→ Work to complete:
Give the lines again exactly as they appear below, from the line with "RAL 9006 White" to the line with "of the photo.)", both included, and only those lines. Leave every picture out.

#### Provided material

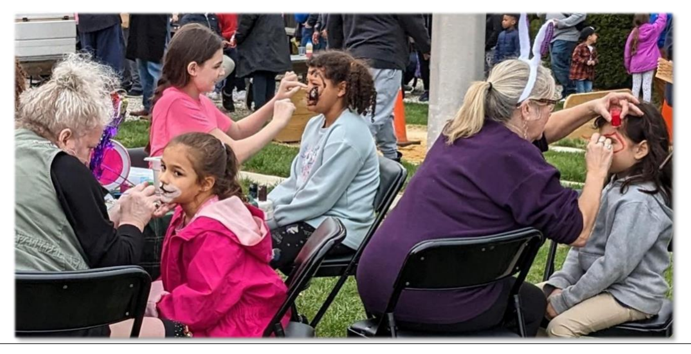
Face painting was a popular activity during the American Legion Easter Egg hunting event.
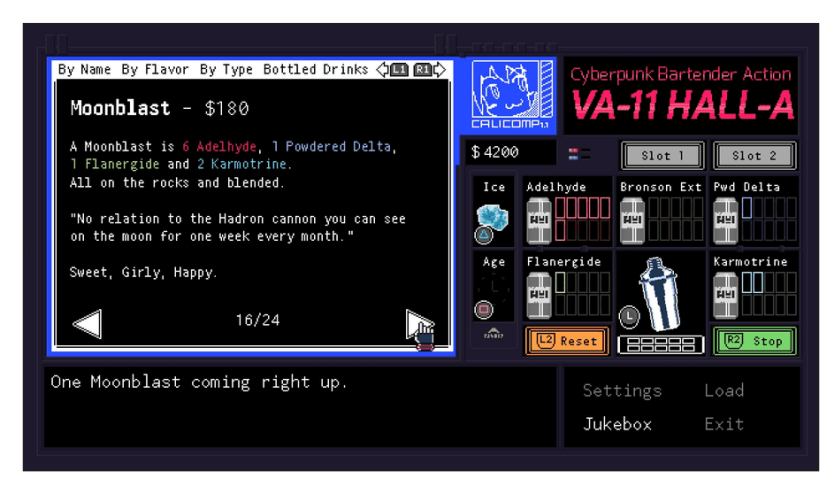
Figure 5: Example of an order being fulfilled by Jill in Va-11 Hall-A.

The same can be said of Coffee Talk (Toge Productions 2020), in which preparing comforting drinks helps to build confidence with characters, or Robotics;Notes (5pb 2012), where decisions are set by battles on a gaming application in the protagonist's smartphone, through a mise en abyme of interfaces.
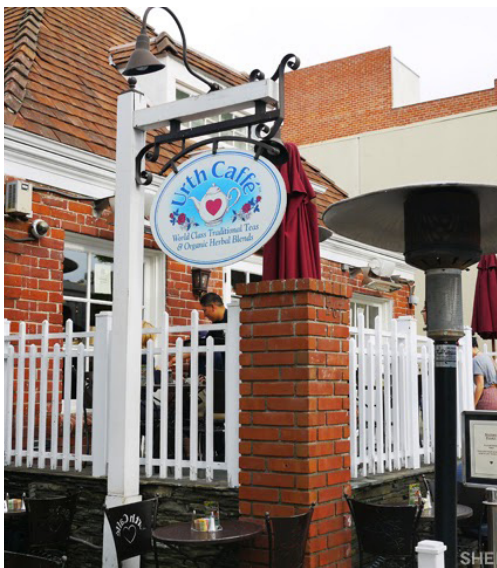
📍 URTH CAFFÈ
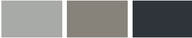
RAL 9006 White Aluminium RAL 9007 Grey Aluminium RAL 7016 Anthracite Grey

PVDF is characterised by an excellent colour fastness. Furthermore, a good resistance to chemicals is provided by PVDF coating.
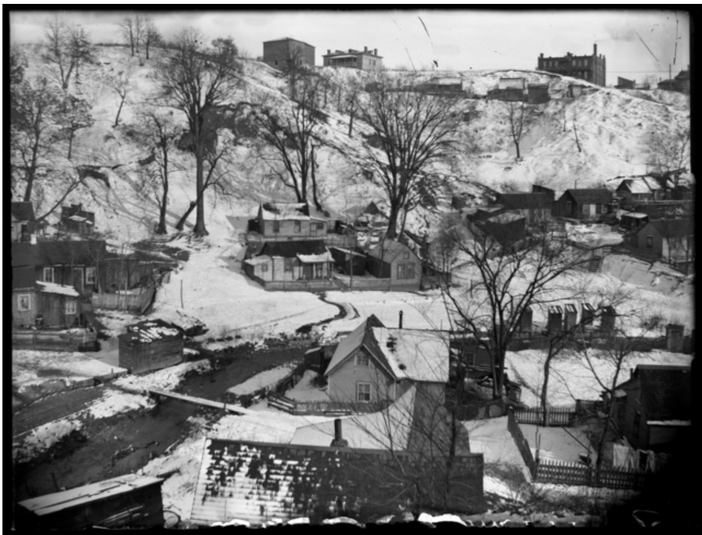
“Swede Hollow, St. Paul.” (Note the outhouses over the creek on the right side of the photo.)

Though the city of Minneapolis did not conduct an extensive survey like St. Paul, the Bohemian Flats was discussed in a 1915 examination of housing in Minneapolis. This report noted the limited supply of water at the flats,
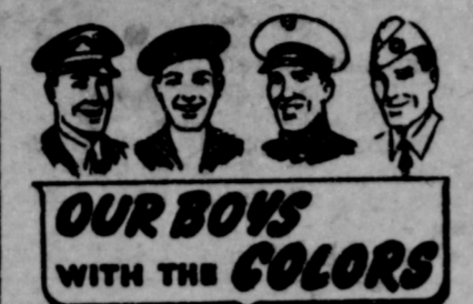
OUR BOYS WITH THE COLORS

########
#### Provided material

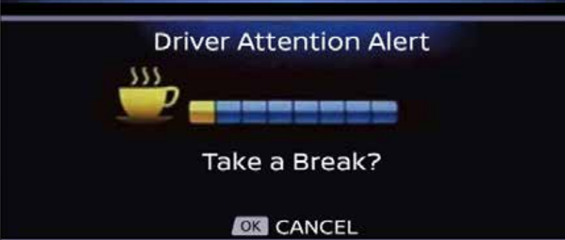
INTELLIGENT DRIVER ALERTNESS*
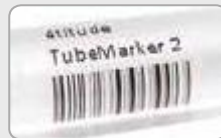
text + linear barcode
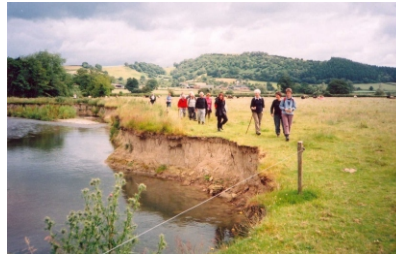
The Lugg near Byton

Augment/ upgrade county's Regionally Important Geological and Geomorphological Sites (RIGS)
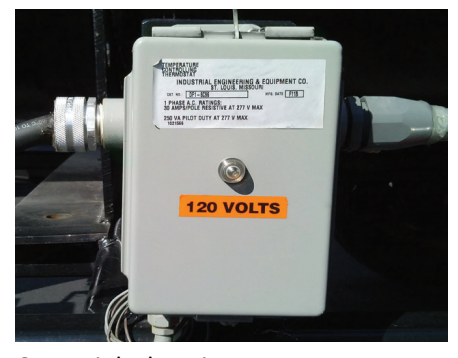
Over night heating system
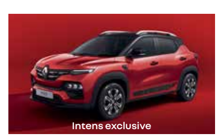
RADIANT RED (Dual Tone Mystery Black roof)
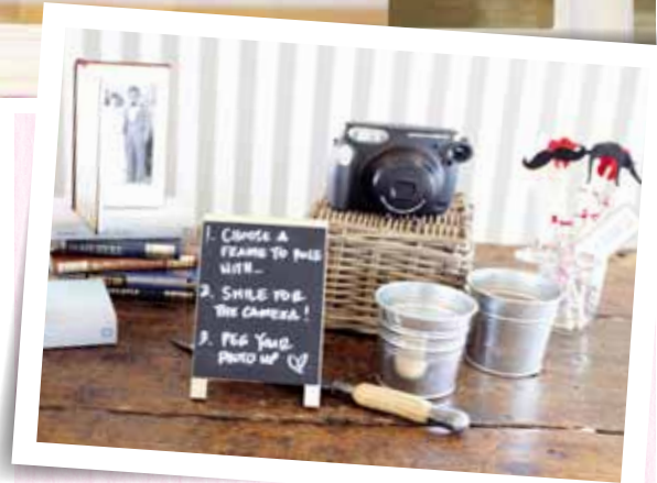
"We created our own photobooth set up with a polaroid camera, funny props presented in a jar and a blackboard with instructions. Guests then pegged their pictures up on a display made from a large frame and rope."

########

→ Solved problem:
RAL 9006 White Aluminium RAL 9007 Grey Aluminium RAL 7016 Anthracite Grey

PVDF is characterised by an excellent colour fastness. Furthermore, a good resistance to chemicals is provided by PVDF coating.
“Swede Hollow, St. Paul.” (Note the outhouses over the creek on the right side of the photo.)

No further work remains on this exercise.